The average number of newly diagnosed aHUS/TMA patients emergently initiated on complement blockade (usually eculizumab) per year in the hospital setting prior to 2020 was 1.6 (±0.5) [median 2015–2020 2, minimum-maximum 1–2] and the average number of newly diagnosed aHUS patients emergently initiated on eculizumab after 2020, and post-team implementation was 4.2 (±1.9) [median 2021–2025 5, minimum-maximum 2–7] with a statistically significant p-value comparison of 0.020.

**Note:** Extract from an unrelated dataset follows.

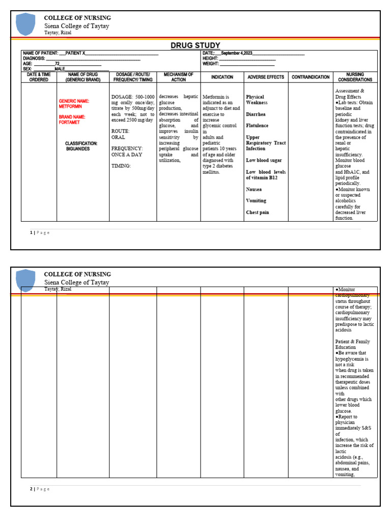 NAME OF PATIENT: ___PATIENT X___________________________________ DATE;:___September 4,2023_________________________

The triggers identified for our cohort of 24 patients included 7 (29.2%) with systemic lupus erythematosus (SLE), 1 (4.17%) with APLS (antiphospholipid antibody syndrome), 5 (20.8%) with idiopathic/genetic aHUS/CM-TMA (no trigger identified), 4 (16.7%) had hypertension induced aHUS that did not resolve with hypertension treatment, 3 (12.5%) had post-partum TMA, 2 (8.33%) had aHUS associated with COVID-19, 1 (4.17%) had Covid-19 associated with an intraabdominal infection (cholecystitis), and 1 (4.17%) had aHUS associated with inflammatory bowel disease (IBD) (Crohn’s colitis).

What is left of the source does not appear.